We will supply some answers here.
Before we get into the weeds, one important thing to know is that limited liability companies (LLCs) with multiple members—that is, owners—are classified as partnerships for federal income tax purposes unless you elect to treat the LLC as a corporation.
The partnership tax considerations that we will cover here generally apply equally to LLCs. So, when you see “partnership” and “partner,” you can substitute “LLC” and “member,” respectively.
Now, onward.
Partnership Taxation Basics
The generally favorable partnership federal income tax rules are a common reason for choosing to operate as a partnership with multiple partners instead of as a corporation with multiple shareholders. The most important partnership tax rules can be summarized as follows.
You Get Pass-Through Taxation
Your share of partnership taxable income items, gains, deductions, losses, and credits are passed through to your personal return. You then pay taxes at the personal level. Ditto for the other partners.
So, you don’t have to worry about the double taxation issue that can potentially haunt C corporations.

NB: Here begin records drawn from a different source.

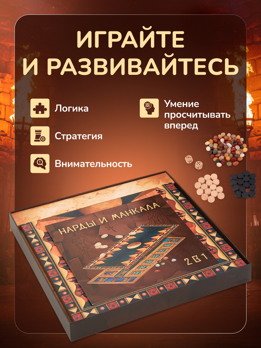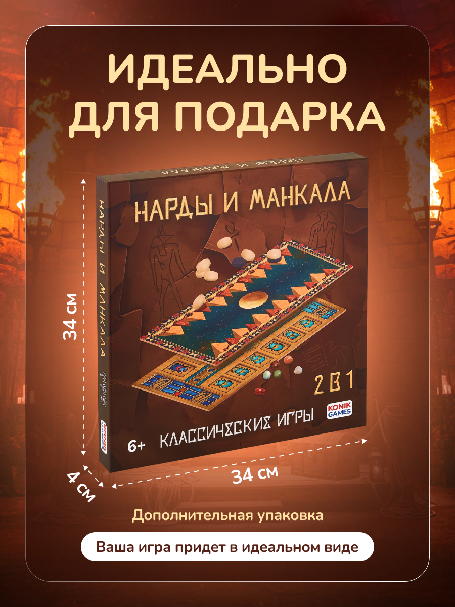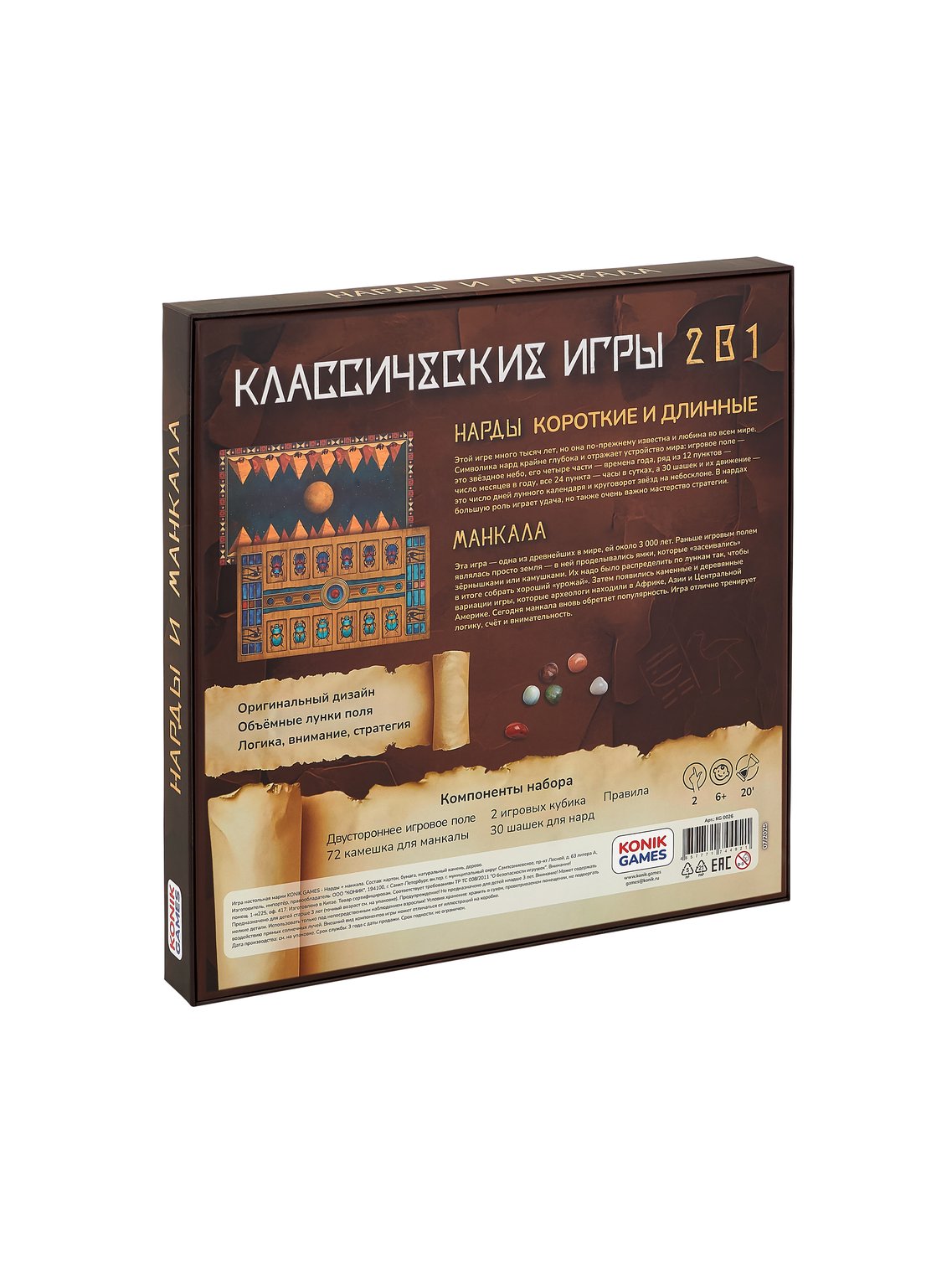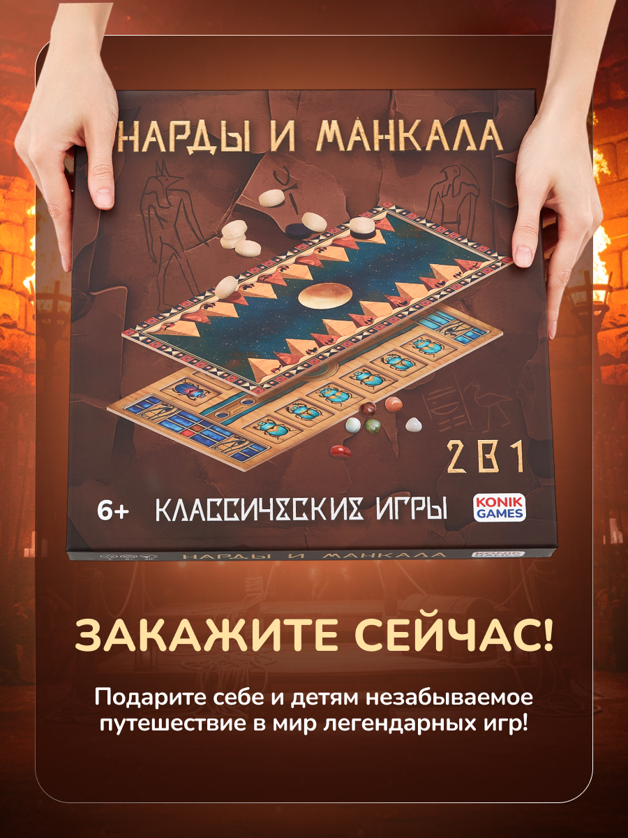 Нарды и Манкала 2в1 от Konik Games. Это уникальный набор двух классических настольных игр. Игры выполнены из премиальных материалов, что гарантирует долговечность и особые тактильные ощущения. Набор идеально подходит для игры дома, в дороге или для украшения игрового стола.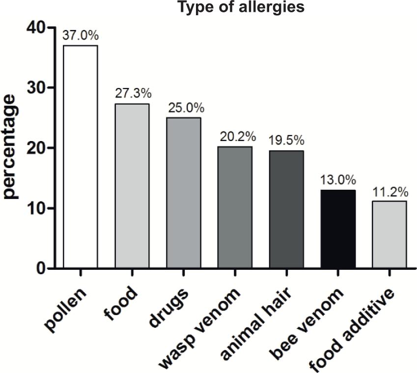 Figure 1 Allergy entities of the patient collective. Pollen (36.2%), food (26.7%), drugs (24.2%), wasp venom (20.1%), animal hair (19.4%), bee venom (12.9%), and food additive (10.9%), Total (n) = 579.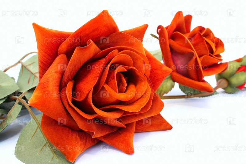 Две красные розы на белом фоне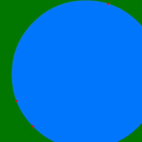 A circle through three points. @author makc @license WTFPLv2, http://sam.zoy.org/wtfpl/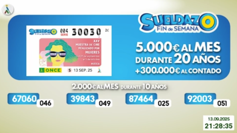 Números ganadores del sorteo de la ONCE hoy sábado 13 de septiembre de 2025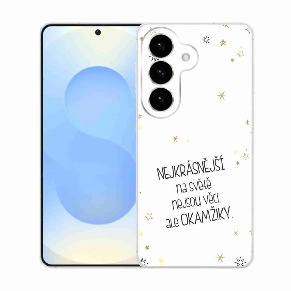 Pružný gélový obal mmCase s obrázkom na Samsung Galaxy S26 - citát 4 biele pozadie

You also don’t have to worry about the tax-law restrictions that can haunt S corporations—for example, shareholders can only be U.S. citizens; U.S. residents; and certain estates, trusts, and tax-exempt entities; and you can have only one class of stock.
You Can Deduct Partnership Losses (within Limits)
You can deduct partnership losses passed through to you on your personal return, subject to various limitations—which can include the passive loss rules, the at-risk rules, the excess business loss disallowance rule, and the partnership interest basis limitation rule. There’s a good chance the limitations won’t apply to you or the other partners.